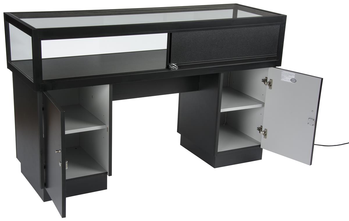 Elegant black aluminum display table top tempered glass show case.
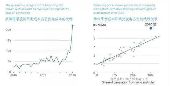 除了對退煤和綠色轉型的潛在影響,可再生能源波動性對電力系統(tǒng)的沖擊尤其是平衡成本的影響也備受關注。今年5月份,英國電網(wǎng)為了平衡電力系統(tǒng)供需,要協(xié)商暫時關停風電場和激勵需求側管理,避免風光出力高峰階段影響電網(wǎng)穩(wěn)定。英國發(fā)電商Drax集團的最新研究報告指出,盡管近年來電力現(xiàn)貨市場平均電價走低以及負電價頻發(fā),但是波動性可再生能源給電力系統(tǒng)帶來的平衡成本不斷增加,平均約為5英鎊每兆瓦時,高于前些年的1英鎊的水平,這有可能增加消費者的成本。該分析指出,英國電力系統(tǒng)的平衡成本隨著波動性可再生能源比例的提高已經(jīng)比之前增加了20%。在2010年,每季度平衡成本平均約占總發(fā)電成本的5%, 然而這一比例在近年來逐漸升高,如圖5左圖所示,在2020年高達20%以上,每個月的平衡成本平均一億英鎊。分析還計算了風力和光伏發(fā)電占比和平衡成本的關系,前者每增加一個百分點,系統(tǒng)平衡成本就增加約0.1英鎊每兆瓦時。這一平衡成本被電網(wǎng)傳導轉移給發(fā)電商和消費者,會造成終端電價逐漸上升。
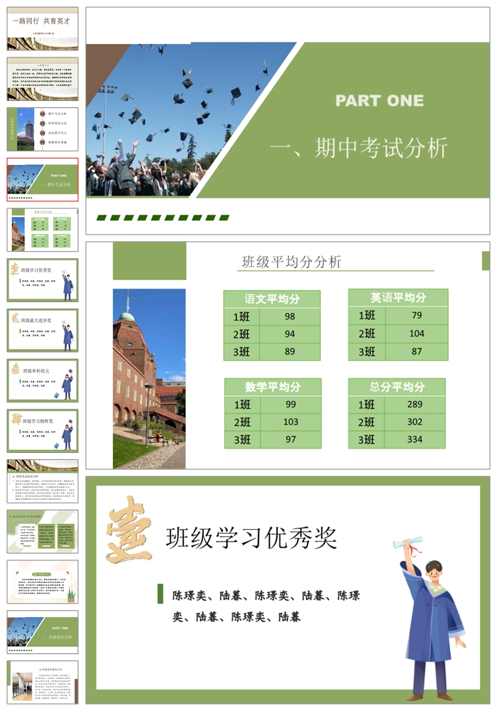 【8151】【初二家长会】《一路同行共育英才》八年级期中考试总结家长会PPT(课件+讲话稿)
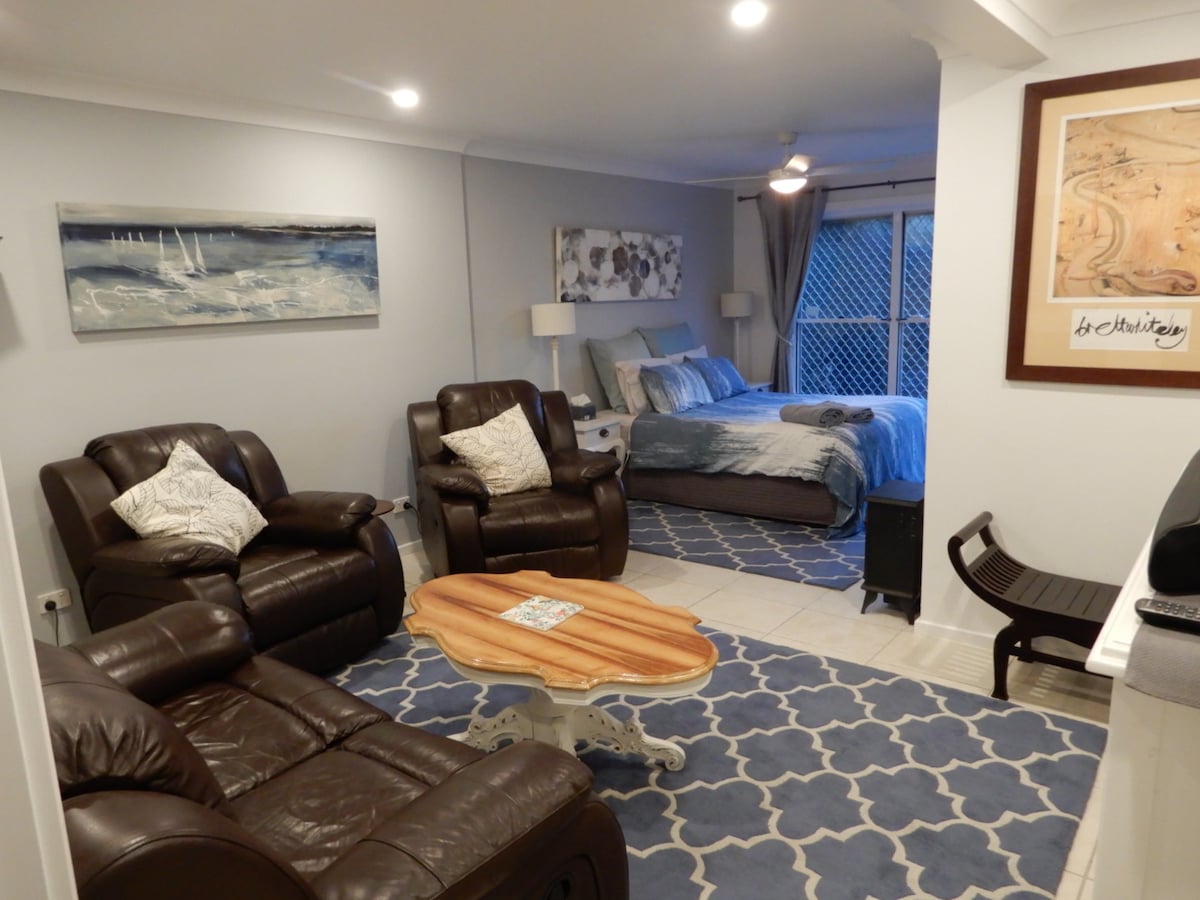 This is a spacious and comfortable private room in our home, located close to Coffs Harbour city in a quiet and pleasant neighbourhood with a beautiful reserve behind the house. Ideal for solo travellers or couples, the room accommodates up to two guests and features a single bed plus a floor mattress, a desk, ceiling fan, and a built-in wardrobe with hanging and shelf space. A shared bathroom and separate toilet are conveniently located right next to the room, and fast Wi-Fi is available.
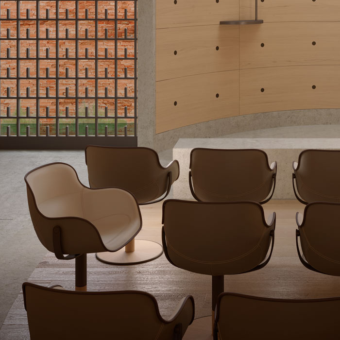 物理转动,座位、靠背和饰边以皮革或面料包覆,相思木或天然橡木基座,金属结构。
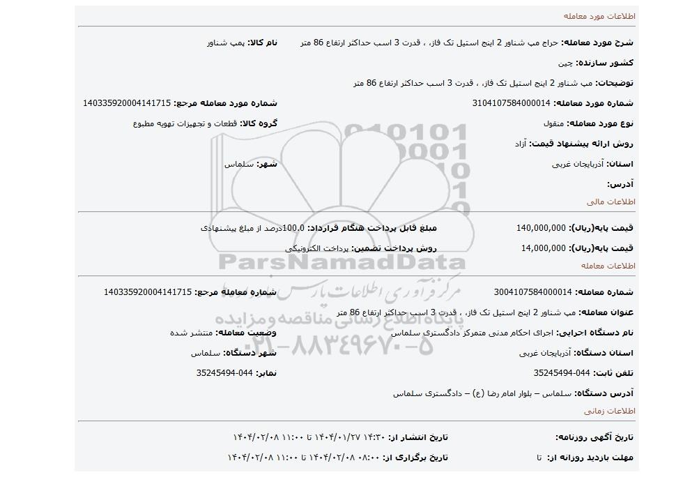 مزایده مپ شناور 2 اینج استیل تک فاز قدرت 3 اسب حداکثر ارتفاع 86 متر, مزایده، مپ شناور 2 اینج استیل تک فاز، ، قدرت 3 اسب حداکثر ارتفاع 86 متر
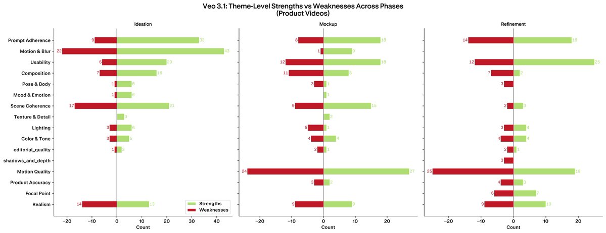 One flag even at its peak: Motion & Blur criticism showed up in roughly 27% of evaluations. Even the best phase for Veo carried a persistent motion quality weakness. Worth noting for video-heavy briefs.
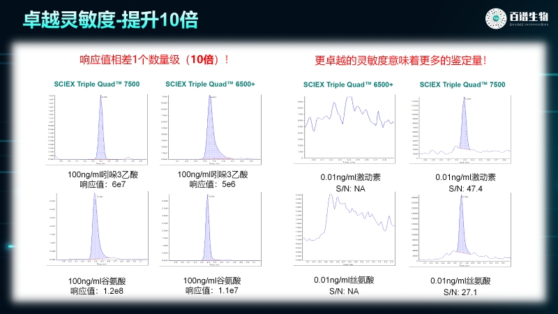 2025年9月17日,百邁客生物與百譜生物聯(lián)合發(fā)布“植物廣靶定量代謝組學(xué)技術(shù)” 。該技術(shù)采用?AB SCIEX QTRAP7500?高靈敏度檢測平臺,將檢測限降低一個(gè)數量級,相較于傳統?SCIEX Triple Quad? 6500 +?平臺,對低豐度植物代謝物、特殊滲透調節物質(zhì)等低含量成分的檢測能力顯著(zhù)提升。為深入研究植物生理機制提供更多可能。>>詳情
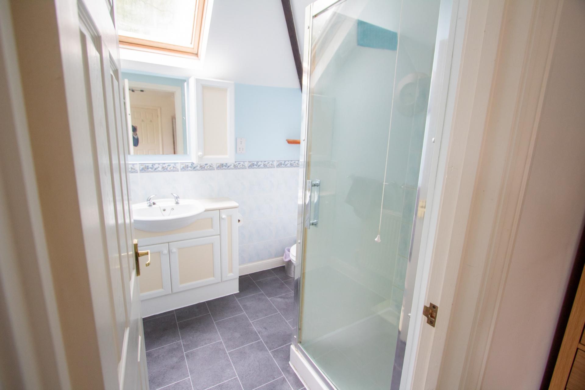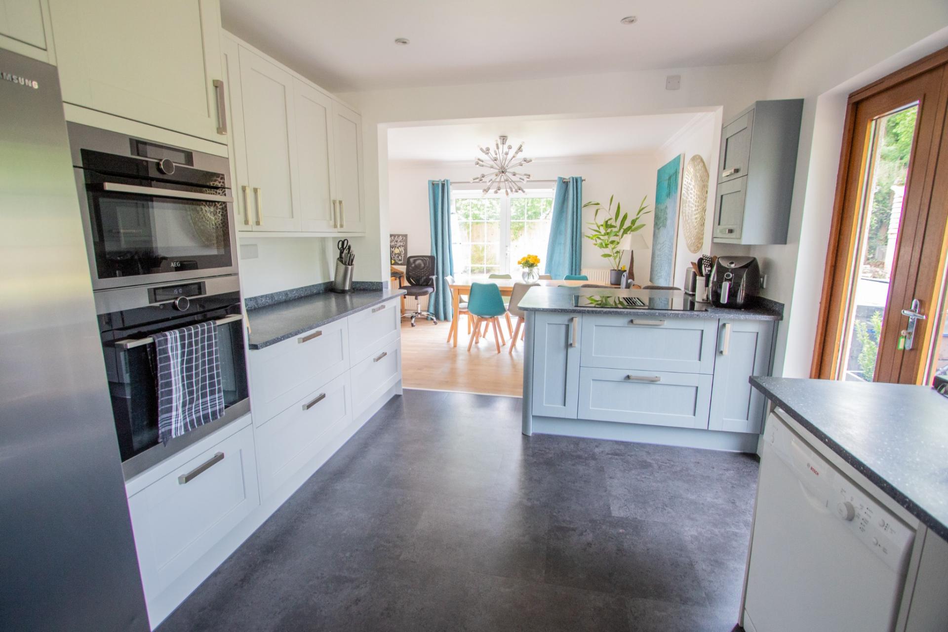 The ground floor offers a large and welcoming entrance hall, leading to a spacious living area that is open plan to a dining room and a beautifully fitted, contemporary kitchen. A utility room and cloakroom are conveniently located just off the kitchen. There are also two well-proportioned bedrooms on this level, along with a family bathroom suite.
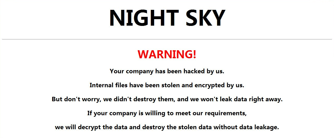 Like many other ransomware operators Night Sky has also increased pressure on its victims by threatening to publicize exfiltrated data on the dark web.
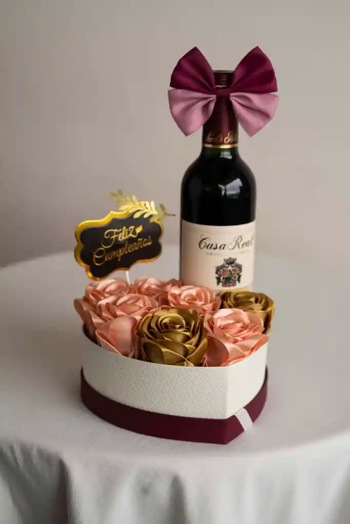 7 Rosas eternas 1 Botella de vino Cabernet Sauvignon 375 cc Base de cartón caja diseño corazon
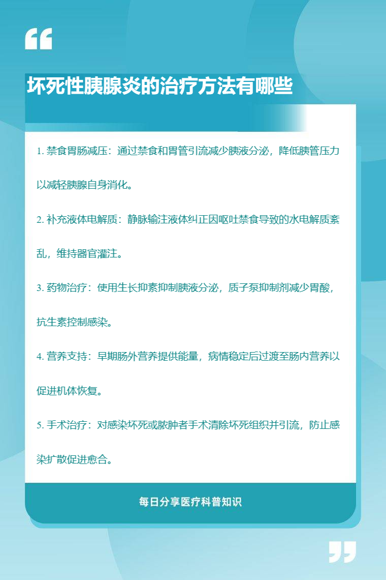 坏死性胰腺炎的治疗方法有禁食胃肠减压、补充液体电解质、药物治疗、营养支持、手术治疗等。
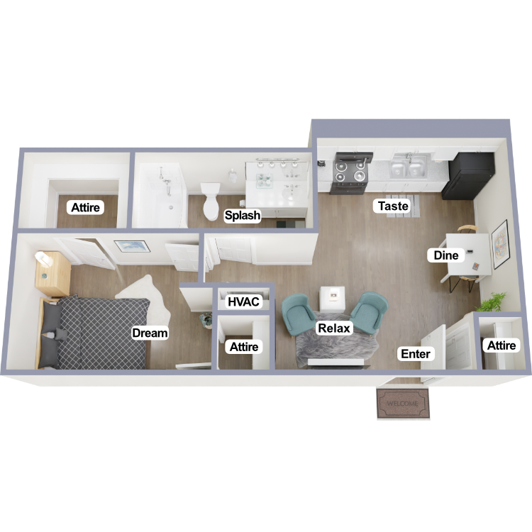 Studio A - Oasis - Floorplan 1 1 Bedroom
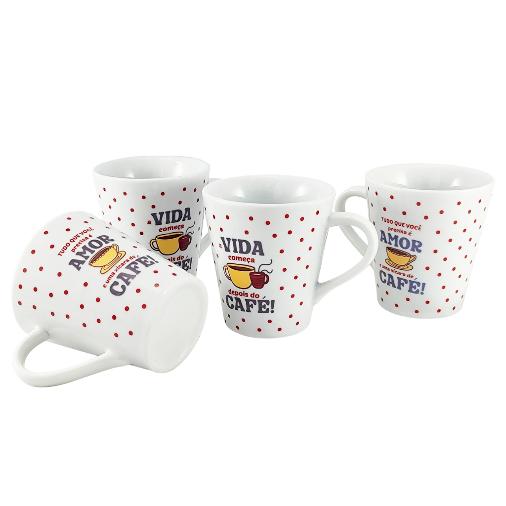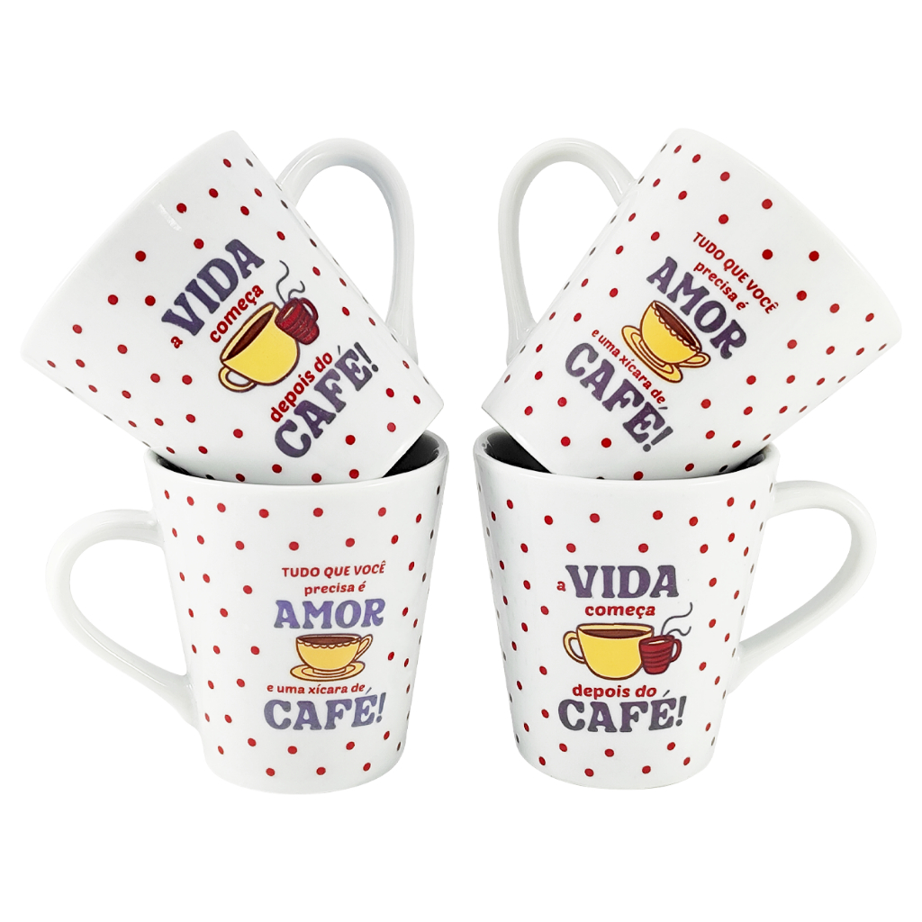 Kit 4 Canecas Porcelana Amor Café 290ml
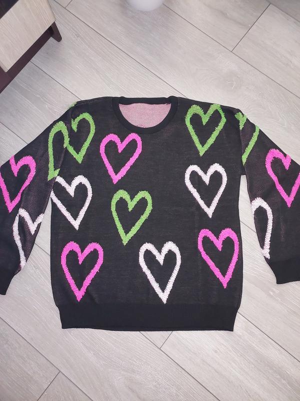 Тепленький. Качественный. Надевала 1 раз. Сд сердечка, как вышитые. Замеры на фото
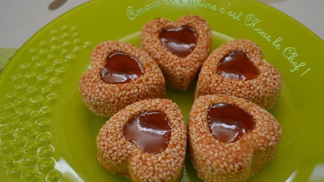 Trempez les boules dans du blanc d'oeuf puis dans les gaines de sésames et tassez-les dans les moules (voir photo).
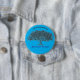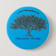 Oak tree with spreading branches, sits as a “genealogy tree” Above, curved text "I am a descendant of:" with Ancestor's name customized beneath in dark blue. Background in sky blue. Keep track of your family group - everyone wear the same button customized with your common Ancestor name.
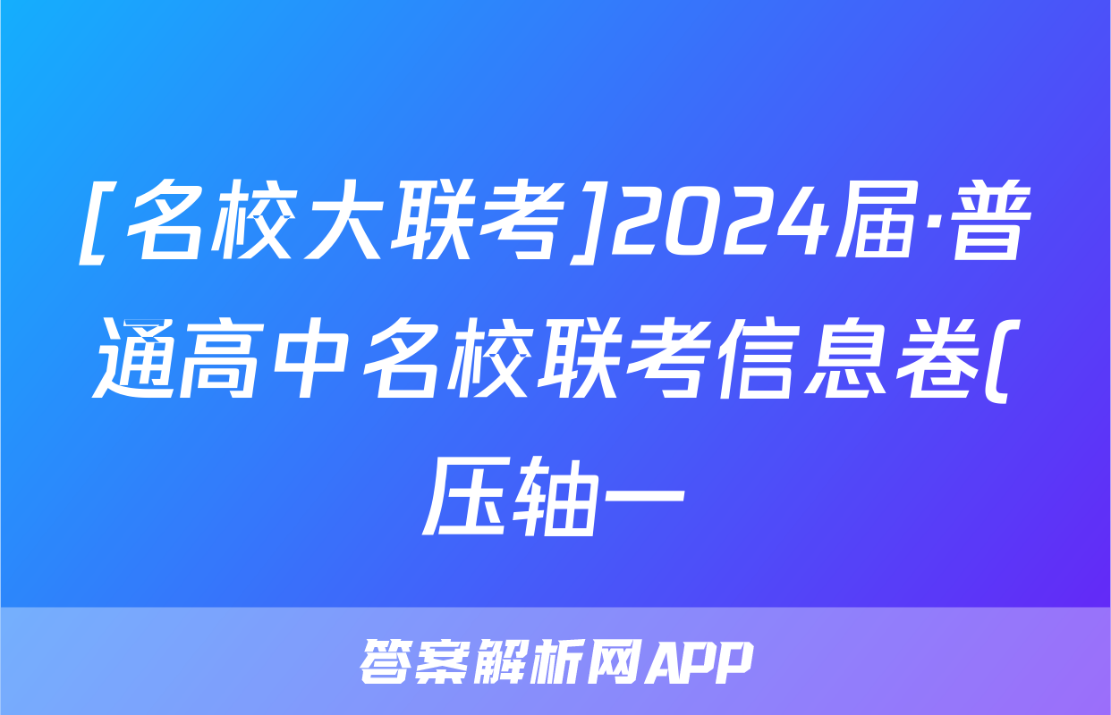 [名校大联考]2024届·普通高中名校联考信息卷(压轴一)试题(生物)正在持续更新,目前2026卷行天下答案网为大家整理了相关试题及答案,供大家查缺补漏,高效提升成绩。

▶ [WHAT TO WORK ON] Return all the records exactly. Skip the pictures.

▶ [EXERCISE ANSWER]
 Elegant black aluminum display table top tempered glass show case.
 除了對退煤和綠色轉型的潛在影響,可再生能源波動性對電力系統(tǒng)的沖擊尤其是平衡成本的影響也備受關注。今年5月份,英國電網(wǎng)為了平衡電力系統(tǒng)供需,要協(xié)商暫時關停風電場和激勵需求側管理,避免風光出力高峰階段影響電網(wǎng)穩(wěn)定。英國發(fā)電商Drax集團的最新研究報告指出,盡管近年來電力現(xiàn)貨市場平均電價走低以及負電價頻發(fā),但是波動性可再生能源給電力系統(tǒng)帶來的平衡成本不斷增加,平均約為5英鎊每兆瓦時,高于前些年的1英鎊的水平,這有可能增加消費者的成本。該分析指出,英國電力系統(tǒng)的平衡成本隨著波動性可再生能源比例的提高已經(jīng)比之前增加了20%。在2010年,每季度平衡成本平均約占總發(fā)電成本的5%, 然而這一比例在近年來逐漸升高,如圖5左圖所示,在2020年高達20%以上,每個月的平衡成本平均一億英鎊。分析還計算了風力和光伏發(fā)電占比和平衡成本的關系,前者每增加一個百分點,系統(tǒng)平衡成本就增加約0.1英鎊每兆瓦時。這一平衡成本被電網(wǎng)傳導轉移給發(fā)電商和消費者,會造成終端電價逐漸上升。
 【8151】【初二家长会】《一路同行共育英才》八年级期中考试总结家长会PPT(课件+讲话稿)
 This is a spacious and comfortable private room in our home, located close to Coffs Harbour city in a quiet and pleasant neighbourhood with a beautiful reserve behind the house. Ideal for solo travellers or couples, the room accommodates up to two guests and features a single bed plus a floor mattress, a desk, ceiling fan, and a built-in wardrobe with hanging and shelf space. A shared bathroom and separate toilet are conveniently located right next to the room, and fast Wi-Fi is available.
 物理转动,座位、靠背和饰边以皮革或面料包覆,相思木或天然橡木基座,金属结构。
 مزایده مپ شناور 2 اینج استیل تک فاز قدرت 3 اسب حداکثر ارتفاع 86 متر, مزایده، مپ شناور 2 اینج استیل تک فاز، ، قدرت 3 اسب حداکثر ارتفاع 86 متر
 One flag even at its peak: Motion & Blur criticism showed up in roughly 27% of evaluations. Even the best phase for Veo carried a persistent motion quality weakness. Worth noting for video-heavy briefs.
 2025年9月17日,百邁客生物與百譜生物聯(lián)合發(fā)布“植物廣靶定量代謝組學(xué)技術(shù)” 。該技術(shù)采用?AB SCIEX QTRAP7500?高靈敏度檢測平臺,將檢測限降低一個(gè)數量級,相較于傳統?SCIEX Triple Quad? 6500 +?平臺,對低豐度植物代謝物、特殊滲透調節物質(zhì)等低含量成分的檢測能力顯著(zhù)提升。為深入研究植物生理機制提供更多可能。>>詳情
 The ground floor offers a large and welcoming entrance hall, leading to a spacious living area that is open plan to a dining room and a beautifully fitted, contemporary kitchen. A utility room and cloakroom are conveniently located just off the kitchen. There are also two well-proportioned bedrooms on this level, along with a family bathroom suite.
 Like many other ransomware operators Night Sky has also increased pressure on its victims by threatening to publicize exfiltrated data on the dark web.
 7 Rosas eternas 1 Botella de vino Cabernet Sauvignon 375 cc Base de cartón caja diseño corazon
 坏死性胰腺炎的治疗方法有禁食胃肠减压、补充液体电解质、药物治疗、营养支持、手术治疗等。
 Studio A - Oasis - Floorplan 1 1 Bedroom
 Kit 4 Canecas Porcelana Amor Café 290ml
 Тепленький. Качественный. Надевала 1 раз. Сд сердечка, как вышитые. Замеры на фото
 Trempez les boules dans du blanc d'oeuf puis dans les gaines de sésames et tassez-les dans les moules (voir photo).
 Oak tree with spreading branches, sits as a “genealogy tree” Above, curved text "I am a descendant of:" with Ancestor's name customized beneath in dark blue. Background in sky blue. Keep track of your family group - everyone wear the same button customized with your common Ancestor name.
 [名校大联考]2024届·普通高中名校联考信息卷(压轴一)试题(生物)正在持续更新,目前2026卷行天下答案网为大家整理了相关试题及答案,供大家查缺补漏,高效提升成绩。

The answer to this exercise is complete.